Recursion Pharmaceuticals executives provided an overview of the company’s artificial intelligence-driven drug discovery platform during a Morgan Stanley webcast, explaining how the technology is being used across target identification, molecule design and clinical development.
Chief Executive Najat Khan and Chief Financial Officer Ben Taylor described a workflow that couples machine learning with experimental biology to chart the effects of genetic perturbations across biological systems. Management cited a mapping project that simultaneously uncovered 25 new targets, a result the company said condensed work that would traditionally unfold over years of sequential research.
On the chemistry side, Recursion detailed progress in molecule design. The company reported advancing one compound into clinical trials after designing about 330 molecules over a 17-month period. By contrast, management said typical industry practice involves designing roughly 2,500 to 5,000 compounds over four to five years. The firm leverages generative artificial intelligence to optimize candidate molecules for potency, selectivity, safety and synthetic feasibility prior to laboratory synthesis.
Executives also discussed operational uses of AI in clinical development. Management said that AI-driven methods are already speeding patient enrollment by 30% to 50% through improvements in recruitment and site selection, and that the company applies these tools to protocol design and patient stratification as well.
Recursion has assembled a substantial experimental data asset, reporting 40 petabytes of proprietary data. That repository is supplemented by an additional 25 petabytes obtained through partnerships, including one with Roche’s Genentech unit, the company said.
Regarding development costs, management observed that animal testing and related chemistry, manufacturing and controls work can represent roughly half the cost from initial concept to a development candidate.
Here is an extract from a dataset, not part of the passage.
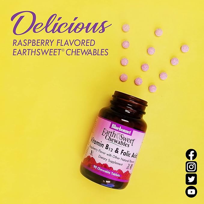 - Raspberry flavored, chewable tablets formulated with 1000 mcg of crystalline vitamin B12 and 400 mcg of folic acid sweetened with EarthSweet

They said Recursion expects millions in savings as its predictive models mature and reduce the need for some traditional experimental steps.
The executives also highlighted the opportunity space: they said approved and late-stage drugs currently address only 10% of the genome, and that clinical development consumes approximately 70% of the capital required for successful drug development.
Summary
Recursion presented details on how machine learning and experimental biology are integrated across its discovery and development process, citing specific examples of compressed timelines in target mapping and molecule design, quantified data assets, partnership-augmented datasets and expectations for cost reduction as predictive models improve.
Key points
- Recursion combined machine learning and experimental biology to map genetic perturbations, identifying 25 new targets in a single effort - impacts drug discovery and biotech R&D sectors.
- The company advanced a compound to clinical trials after designing ~330 molecules over 17 months versus typical industry ranges of 2,500-5,000 over 4-5 years - relevant to pharmaceutical development timelines and efficiencies.
- AI tools are reported to accelerate patient enrollment by 30%-50% and are used for protocol design and patient stratification - affecting clinical operations and trial economics.
Risks and uncertainties
- Only 10% of the genome is addressed by approved and late-stage drugs, indicating scientific and target discovery risk across the biopharma sector.
- Expected cost savings rely on the continued development and predictive accuracy of models; the scale of savings is described as "millions" but depends on model performance.
- Clinical development accounts for roughly 70% of the capital required for successful drug development, creating financial exposure for programs as they move through costly clinical stages.